The case took a turn in late 2009, as the Vermont family court, citing Ms. Miller’s noncompliance, shifted primary custody to Ms. Jenkins. Ms. Miller and Isabella, who is now 9, disappeared. A warrant was issued for Ms. Miller’s arrest, and they have not been heard from since.
According to an F.B.I. affidavit unsealed in Vermont on Thursday, the pastor, Timothy David Miller of Crossville, Tenn., helped arrange in September 2009 for Ms. Miller and Isabella to fly from Canada to Mexico and travel on to Nicaragua, where he worked as a missionary for Christian Aid Ministries. (The F.B.I. said it had no evidence that Mr. Miller and Lisa Miller were related.)
Ms. Miller and Isabella stayed in a beach house in Nicaragua that is owned by a conservative businessman with close ties to Liberty University, an evangelical school in Lynchburg, Va., and whose daughter works at the university’s law school, according to the affidavit.
Lawyers from Liberty, including the dean of the law school, Mathew D. Staver, represented Ms. Miller in court appeals on the custody issues. They argued without success that Ms. Jenkins had no parental rights and that laws in Virginia, which ban same-sex unions, should prevail over those in Vermont.
On Friday, Mr. Staver said the legal team has had no contact with Ms. Miller since the fall of 2009 and had always advised her to obey the law. He said he knew nothing about the accusations involving a law school office assistant, Victoria Hyden, and her father Philip Zodhiates, the beach house’s owner.
Mr. Zodhiates runs Response Unlimited, a Christian direct-mail company in Waynesboro, Va. He did not respond to requests for comment, but on Friday he told The Advocate magazine that the pair were not living at his house in Nicaragua and called the accusations “absurd.”
Ms. Miller and Ms. Jenkins were joined in a civil union in Vermont in 2000 and planned to raise a child together. Isabella was conceived by artificial insemination and born to Ms. Miller in 2002, with Ms. Jenkins present at the birth. But the parents’ relations soured over the following year. Ms. Miller moved with Isabella to Virginia, became deeply involved with a Baptist church and renounced homosexuality. A Vermont court dissolved the civil union but treated Ms. Jenkins as a full parent with visitation rights.
Over time, Ms. Miller began refusing to allow the required visits, among other things objecting that Ms. Jenkins’s “homosexual lifestyle” would offend Isabella’s religious beliefs. At one point, a court in Virginia, which does not recognize same-sex unions, agreed with Ms. Miller’s claim to be the sole legal parent, but the Virginia Supreme Court eventually confirmed that the Vermont rulings should prevail.

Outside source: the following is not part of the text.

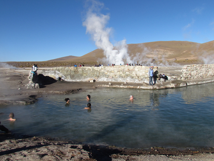 | 티에라 아타카마 호텔에서 2박을 하고 오늘의 관광을 마치고는 칠레의 수도 산티아고로 가는 비행기를 타야 한다. 오후 6시 반에 떠나는 비행기라 시간의 여유는 넉넉하였다. 이른 아침부터 움직인 것은 노천에 있는 간헐천으로 가 일출을 보자는 뜻이었다. 시간이 일러서 인지 쌀쌀했다. 버스에 오르자 안내양? 이 담요를 하나 씩 나누어 준다. 호텔에서 빌려온 건지 아님 현지 여행사 측에서 준비 한 것인지는 알 수 없으나 암튼 무릎을 덮으니 따뜻하였다. 아, 여기서...그 안내양에 대해 설명을 해야 겠다. 우리가 이곳 산페드로에 도착을 하고나서 부터다. 몸집이 거대한 남자, 현지가이드가 칠레 국경까지 마중을 나왔었고 그 날은 밤늦게 티에라 아타카마 호텔에 투숙을 하였었다. 그리고 다음 날 아침 소금 사막으로 가는 첫 출정?부터 버스에 그 남자 가이드 외에 젊은 처자가 한 명 더 탔다. 뭐 이렇다 저렇다, 하는 설명도 없이. 그녀가 처음 한 일이 버스를 탄 우리에게 사탕을 나누어 주는 일이었고 그 다음에 작은 디카로 우리들의 사진을 찍는 거였다. 그 당시의 생각엔...아, 우리 일행을 이렇게 가이드 했다...하고 여행사 측에 보고용으로 찍는 줄 알았다. 그리고 그녀도 현지 여행사 직원일 줄 알았고. 헌데 그게 아니었다. 시간이 지나면서 알게 된 건 그녀는 남자 가이드가 데리고 온, 조카라 하지만 정말인지 아님 여자 친구인지. 암튼 그 두 남 녀 는 우리 일행을 목적지에 내려놓으면 그 때 부터 자기 둘의 사진이며 주변 경관부터 우리 일행의 사진까지 정신없이 찍어 댔다. 인솔자인신 사장님, 처음에 기막혀 하시더니 헐 수 없는 상황이란 것을 아신 뒤부터는...잘, 논다, 하는 표정으로 관망. 우리의 스케줄에 영향은 안 끼쳤으니 뭐라 할 수도 없었다. ![]() 그렇게 새벽부터 부지런히 간 간헐천. 뜨거운 김이 여기저기서 솟아 나오고 있었다. 이미 우리 일행 보다 더 먼저 도착한 유럽인들이 여러 군데로 흩어져 뜨거운 김을 쏘이며 즐기고 있다. 그 시각, 저 멀리 보이는 만년설의 산이 조금씩 설익은 토마토 같은 색이더니 점점 붉어져 잘 익은 홍시처럼 변해간다. 또 그쯤에 우리 버스의 운전기사, 가이드와 문제의 그녀가 아침상을 보아 놓았다. 버스에 싣고 온 작은 탁자에 식탁보를 씌우곤 쥬스와 샌드위치를 제공하는 거다. 샌드위치는 가이드가 일회용(절대로 일회용이 아닐 것이라는 사장님의 말씀)장갑을 끼고 직접 만들어 주는 거다. 식빵에 치즈 한쪽과 햄 을 넣은 것인데 나는 내키지 않아 먹어 보질 않았으니 그 맛을 설명 할 길이 없다. 암튼 그 일회용 장갑(우리나라에서 사용하는 것과 같은 것)은 그날 점심 역시 그렇게...식당이 아닌 길에서 먹게 되었는데 그 때도 사용하였다. 어찌 되었던 그렇게 아침을 먹게 되었는데 커다란 페트병에 물을 담아 뜨거운 온천물에 담가 놓았더니 무지 뜨거워 진거다. 그 물에 탄 코코아가 추워서 인지 그렇게나 맛있을 수가 없었다. 이럴 때 이런 곳에서 쌀쌀한 아침에 해장으로 컵라면을 먹었다면, 우와~~ 라면 회사 사람들 이런 곳에 와서 광고 찍으면 대박 날텐데...하는 생각이 났다. 추워하면서 돌아다니다가 찾아 낸 곳이 있었으니 그야 말로 온돌 방 이었다. 꽤 여러 명이 앉을 수 있는 제법 큰 평평한 돌이 있는데 그 아래에서 뜨거운 물이 끓고 있는 거다. 한 동안 앉아 있던 사람이 방을 빼 줘야 할 정도로 뜨거웠다. 그런 곳을 찾아내어 자리 잡고 앉은 일행들은 재미있어 죽겠다는 표정으로 으쌰 으쌰다. 해가 중천에 떠오르자 이번엔 노천온천으로 갔다. ![]() 수영복은 준비 해왔지만 여자들은 들어 갈 생각을 하지 않는다. 남자들 역시 단 한 분만이 용감하게 들어갔다. 더운 소금물에 수영을 하고 난 후의 절차가 귀찮아서 다들 구경만을 즐긴거다. 혼자 입수 하신 ‘이’ 선생님, 유럽 여자들 틈에서 기분 좋아 싱글 벙글. 와이프 되시는 ‘김’ 여사, “여보, 너무 뜨거운 데 조심 하슈, 어디 어디...데이면 안 되지” 그렇게 간헐천에서 이른 새벽을 보냈고 역시나 길에서 점심을 먹게 된 곳으로 옮긴 곳은 칼라마. 이곳엔 볼리비아 원주민 들이 스페인 지배를 받기 전 부터 다녔던 성당이 있는 마을이다. 마을은 입구부터 황량함 그 자체였다. 무너지다 만 흙담이며 양철 지붕을 얹은 , 금방 이라도 허물어져 버릴 것 같은 집들이며. 내 앞에 가던 사장님이 나를 기다리고 있다가 한 마디 툭 던진다. “저, 이곳 분위기가 마치 예멘 같지 않아요?”하고. 그랬다, 예멘의 쓸쓸하면서도 황량함이 비슷했다. 동네를 한 시간 쯤 돌아다니다가 큰 나무가 그늘이 되는 곳에 식탁이 다시 차려졌고 일회용이 아닌, 구멍 날 때 까지 사용할 것 같은 그 장갑 낀 손으로 만들어 주는 점심 샌드위치가 준비되었다. 이곳에서의 마지막 관광지는 얼마 전 사고가 났던, 세계적으로 유명한 추타카마타 광산이었는데 아쉽게도 일반인들의 접근이 금지 되었다. 탄광 사고 난 후 정부의 조치가 그렇게 되었다는 거였다. 그 근처까지 갔으나 버스안에서 탄광 구경을 하는 것으로 만족? 할 수 밖에 없었다. 그리고 우린 산티아고로 가기 위해 비행장으로 향했다. | ||

Last June, according to the Federal Bureau of Investigation affidavit, an unnamed person called one of Ms. Jenkins’s lawyers, Sarah Star, and told Ms. Star that the mother and daughter were hiding in Mr. Zodhiates’s Nicaraguan house. Much of the evidence in support of the criminal charges and other accusations, the affidavit said, was obtained through court-approved, covert searches of e-mail accounts, uncovering messages from Mr. Miller that appear to arrange the mother and daughter’s 2009 flight to Nicaragua and from Mr. Zodhiates arranging to send them supplies.

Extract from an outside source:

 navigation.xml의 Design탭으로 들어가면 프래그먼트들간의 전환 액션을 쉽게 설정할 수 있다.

On Friday, Ms. Jenkins issued a statement through Gay & Lesbian Advocates & Defenders, a rights group in Boston that has also represented her in court.
“I know very little at this point, but I really hope that this means that Isabella is safe and well,” it said. “I am looking forward to having my daughter home safe with me very soon.”
The United States attorney for Vermont, Tristram Coffin, told the Rutland Herald newspaper that Mr. Miller had been arrested on Monday night in Virginia and was scheduled to appear in Federal District Court in Burlington on Monday. Officials declined to say whether others may be arrested or what measures they are taking to find Ms. Miller, who faces criminal charges, and Isabella, who under current rulings should be in the primary custody of Ms. Jenkins, with visitation rights for Ms. Miller.
Secular News Daily - April 26, 2011
Curious Custody Clash: Did Religious Right spark an ‘international parental kidnapping’?
by: Rob Boston
Religious Right groups talk a good line about “family values.” But, as a recent case from Vermont indicates, some groups have an unusual definition of what that terms means.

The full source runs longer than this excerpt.